Mär 11 00:43:18 arvlin /usr/lib/gdm3/gdm-x-session[2025]: (II) Loading /usr/lib/x86_64-linux-gnu/xorg/extra-modules/libglx.so
Mär 11 00:43:18 arvlin /usr/lib/gdm3/gdm-x-session[2025]: (II) Module glx: vendor="NVIDIA Corporation"
Mär 11 00:43:18 arvlin /usr/lib/gdm3/gdm-x-session[2025]: compiled for 4.0.2, module version = 1.0.0
Mär 11 00:43:18 arvlin /usr/lib/gdm3/gdm-x-session[2025]: Module class: X.Org Server Extension
Mär 11 00:43:18 arvlin /usr/lib/gdm3/gdm-x-session[2025]: (II) NVIDIA GLX Module 375.39 Tue Jan 31 19:37:12 PST 2017

nvidia loaded:
Mär 11 00:43:18 arvlin /usr/lib/gdm3/gdm-x-session[2025]: (II) LoadModule: "nvidia"
Mär 11 00:43:18 arvlin /usr/lib/gdm3/gdm-x-session[2025]: (II) Loading /usr/lib/x86_64-linux-gnu/xorg/extra-modules/nvidia_drv.so
Mär 11 00:43:18 arvlin /usr/lib/gdm3/gdm-x-session[2025]: (II) Module nvidia: vendor="NVIDIA Corporation"
Mär 11 00:43:18 arvlin /usr/lib/gdm3/gdm-x-session[2025]: compiled for 4.0.2, module version = 1.0.0
Mär 11 00:43:18 arvlin /usr/lib/gdm3/gdm-x-session[2025]: Module class: X.Org Video Driver

modesetting loaded:
Mär 11 00:43:18 arvlin /usr/lib/gdm3/gdm-x-session[2025]: (II) LoadModule: "modesetting"
Mär 11 00:43:18 arvlin /usr/lib/gdm3/gdm-x-session[2025]: (II) Loading /usr/lib/xorg/modules/drivers/modesetting_drv.so
Mär 11 00:43:18 arvlin /usr/lib/gdm3/gdm-x-session[2025]: (II) Module modesetting: vendor="X.Org Foundation"
Mär 11 00:43:18 arvlin /usr/lib/gdm3/gdm-x-session[2025]: compiled for 1.18.4, module version = 1.18.4
Mär 11 00:43:18 arvlin /usr/lib/gdm3/gdm-x-session[2025]: Module class: X.Org Video Driver
Mär 11 00:43:18 arvlin /usr/lib/gdm3/gdm-x-session[2025]: ABI class: X.Org Video Driver, version 20.0

gnome-shell fails to run:
Mär 11 00:43:20 arvlin kernel: gnome-shell[2067]: segfault at 28 ip 00007fedba8da7c4 sp 00007ffd2fb5f5a0 error 4 in libmutter-0.so.0.0.0[7fedba893000+12f000]

xorg stops:
Mär 11 00:43:21 arvlin /usr/lib/gdm3/gdm-x-session[2025]: (II) UnloadModule: "libinput"
Mär 11 00:43:21 arvlin /usr/lib/gdm3/gdm-x-session[2025]: (II) systemd-logind: releasing fd for 13:66
Mär 11 00:43:21 arvlin /usr/lib/gdm3/gdm-x-session[2025]: (II) UnloadModule: "libinput"
Mär 11 00:43:21 arvlin /usr/lib/gdm3/gdm-x-session[2025]: (II) systemd-logind: releasing fd for 13:67
Mär 11 00:43:21 arvlin /usr/lib/gdm3/gdm-x-session[2025]: (II) UnloadModule: "libinput"
Mär 11 00:43:21 arvlin /usr/lib/gdm3/gdm-x-session[2025]: (II) systemd-logind: releasing fd for 13:64
Mär 11 00:43:21 arvlin /usr/lib/gdm3/gdm-x-session[2025]: (II) UnloadModule: "libinput"
Mär 11 00:43:21 arvlin /usr/lib/gdm3/gdm-x-session[2025]: (II) systemd-logind: releasing fd for 13:65
Mär 11 00:43:21 arvlin /usr/lib/gdm3/gdm-x-session[2025]: (II) NVIDIA(GPU-0): Deleting GPU-0
Mär 11 00:43:21 arvlin /usr/lib/gdm3/gdm-x-session[2025]: (II) Server terminated successfully (0).

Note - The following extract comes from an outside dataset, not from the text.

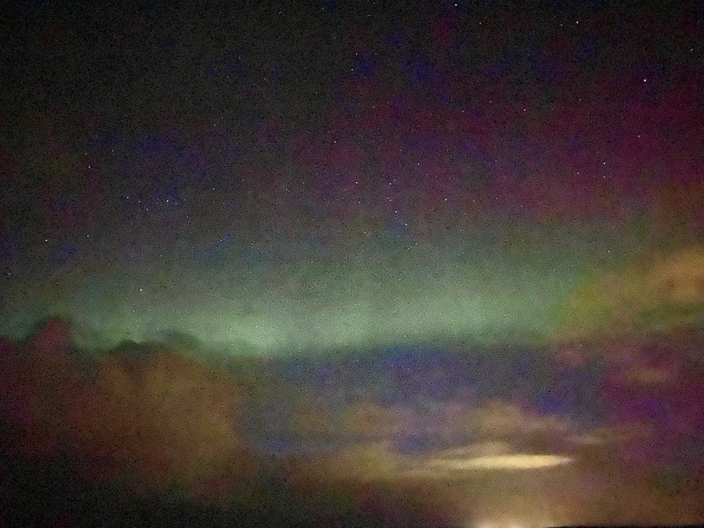 Vi blev hentet og sammen med mange andre busser blev vi kørt ud på en parkeringsplads et godt stykke væk fra byen. Vi fik desværre kun en snært af nordlyset at se, da der kom skyer, så det blev ikke her vi skulle få den oplevelse. Vi havde igen mulighed for at ombooke turen, men for os var det tid for at rejse hjem igen.

Closing log file.
Mär 11 00:43:21 arvlin gdm-launch-environment][2009]: pam_unix(gdm-launch-environment:session): session closed for user gdm

Jeremy Bicha (jbicha) on 2017-03-11
summary: XOrg does not work in rootless mode on nvidia proprietary drivers
+ (GNOME)
Igor (invy) on 2017-03-11
summary: - XOrg does not work in rootless mode on nvidia proprietary drivers
+ Xorg does not work in rootless mode on nvidia proprietary drivers
(GNOME)

I don't currently have access to my nvidia hardware and to be honest not even sure if rootless Xorg is supported yet on nvidia drivers, however I would have assumed that if wayland is mostly working then the KMS support would have been in good enough shape for this to work.

Without xserver-xorg-legacy gdm should start in wayland mode, so not sure how that is related to rootless Xorg?

Igor, Can you get a back trace of the mutter crash? As far as I recall most of the rootless Xorg stuff is at a lower level than mutter, and handled by logind and Xorg. systemd-logind passes a fd for your drm device over to Xorg, are there any log messages related to that?

Igor (invy) wrote :

Tim,

indeed, if KMS is enabled, gdm starts perfectly in wayland mode and you can use gnome-shell wayland session (glx is however broken). But if you would like to use gnome-shell Xorg session, then gnome-shell will crash, because apparently gdm starts xorg in rootless mode (I presume uid of user being logged in, which makes logically sense).

This is exactly the problem: enabling KMS by default would break gnome-shell xorg session.

Regrading logs. Could you maybe give me some hints for what should I look, because nothing looks suspicious.

It's pretty clear, that xorg is lacking some permissions for some resources, but the question is, which exactly.

Igor (invy) wrote :
Download full text (3.9 KiB)

Here is another observation (my old workaround):

- KMS is enabled, gdm starts in wayland mode. Trying to start gnome-shell in Xorg mode fails (gnome-shell/mutter crash).

- Switch to tty (ctrl+alt+f2), login and start:
- $ sudo lightdm --test-mode
 - lightdm is starting, nvidia logo appears for a moment
- Switch back to tty once again and kill lightdm (ctrl+c)
- Switch back to GDM (ctrl+alt+f1)
- Login in gnome-shell Xorg session: everything works fine at this moment.

The question is what lightdm does, that gdm doesn't?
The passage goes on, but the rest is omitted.